Got it. I've looked at some photos and think I see the change. Mine has the ability to adjust front and back position of the computer - so I just pushed it forward enough to get the space needed to clear the stem. But in this photo, it looks like you cannot adjust for/aft position. Is that the case w yours?


----------



## vetboy (Oct 11, 2005)

That's the one I have and it works fine w the C Stem. And just FYI, I also have the new barfly on my cross bike and I moved it onto the Look just to see if it would work (I actually installed it to the left of the stem as a test because I didn't feel like removing my k edge - sorry. It would be very close - not sure you could twist the garmin on wout hitting the stem plate. So it looks like the newer K Edge is the only one that works well.

Hope that helps
Joe


----------



## spdntrxi (Jul 25, 2013)

I have the silver one pictured.. you know what it probably is.. my stem(bar) is set to the shortest setting.. I bet if it was not... then the stem plate / bar distance would be less and kedge would work.


----------



## vetboy (Oct 11, 2005)

Yup. I have my stem set to the longer position and it works great.


----------



## spdntrxi (Jul 25, 2013)

vetboy said:


> Yup. I have my stem set to the longer position and it works great.

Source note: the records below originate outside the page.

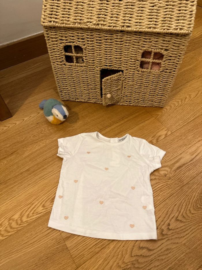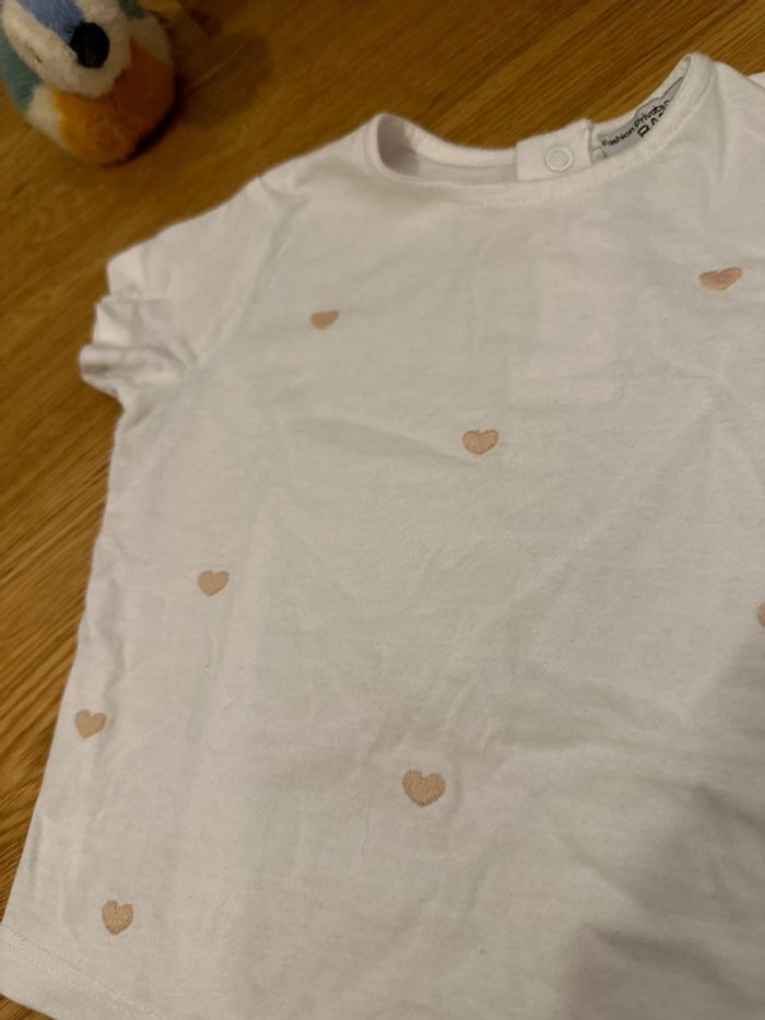 T-shirt FPC avec cœurs rose brodés 18 mois #tshirt #fpc #fashionprivatecompany #coeur #broderie #bébé #bébéfille #tshirtfille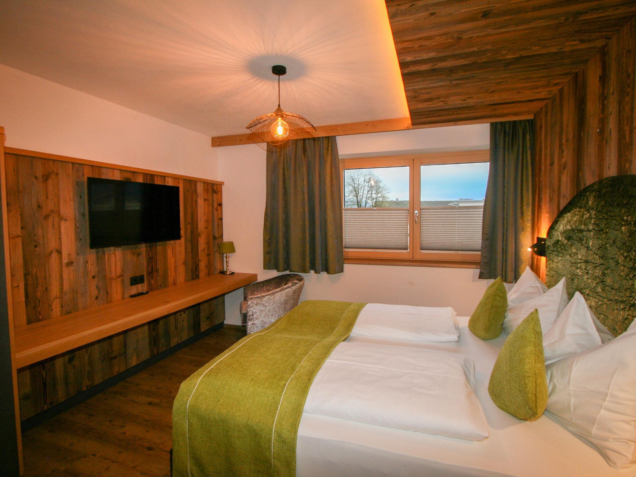 "Erzherzog’s Apts/Zillertal Kaiser Lodge", 3-room apartment 84 m2 on 1st floor. Very comfortable and stylish furnishings: 2 double bedrooms, each room with TV (flat screen). Kitchen-/living room (oven, dishwasher, 4 ceramic glass hob hotplates, toaster, kettle, microwave, electric coffee machine) with Scandinavian wood stove (only for decoration), dining table and TV (flat screen), radio and CD-player. Exit to the balcony. Shower, sep. WC, double hand-basin. Underfloor heating. Small balcony. Balcony furniture. Facilities: safe, hair dryer. Internet (WiFi). E-charging station. Please note: non-smoking house.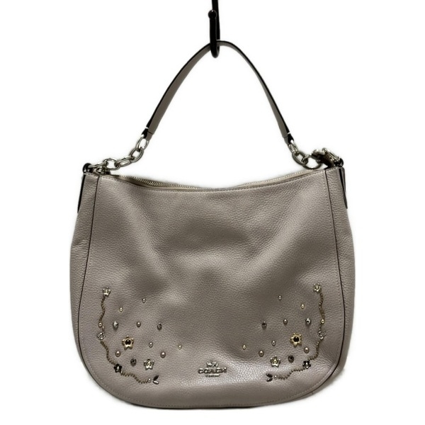 - コーチ COACH ショルダーバッグ F49127 エル ホーボー スターダスト クリスタル リベット レザー グレーベージュ バッグ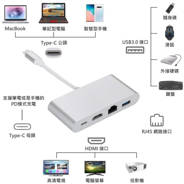 裝置需支援 DP Alt Mode (DisplayPort Alternate Mode) ,才能實現PD充電與影音傳輸功能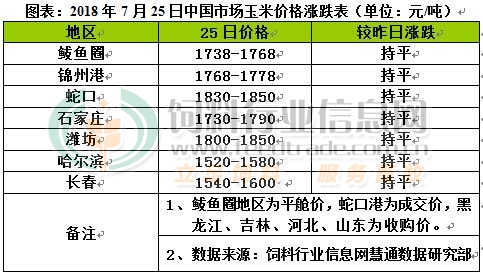 7月25日大連商品交易所(DCE)玉米期貨主力合約c1809開盤價1775元,收盤價1771元,跌2,最高1778元,最低1769元,結算價1772元,成交量44352手,持倉365378手,日減倉14858手。

yes I just set mine to the long position and I have tons of clearance... I have not been riding too long with the short anyhow, was just fiddling around. I have a longer torso anyhow. Thanks for making my lightbulb click and think about it.


----------



## sp3000 (Jul 10, 2007)

I went from the old K-edge to the new one. The new one is fixed and the 2 bolts to fasten the 2 halves are on the under side, it also has a much better plastic insert that interfaces with the Edge mount so it doesn't cut up the Garmin tabs. 
Compared to the old one you will lose about 5mm of maximum distance of the bar to the mount. So the old mount will obviously give the most clearance. 
If the Clearance isn't an issue with the old one set about half way I would upgrade to the new one to preserve the mount on the Edge. 
I have put a very thin clear frame protection tape under mine before I mounted to my carbon bar, 2 reasons, 1, it really grips the K-edge and you do not require much torque to get an incredibly solid mount and 2, it will save you marking your bars.


----------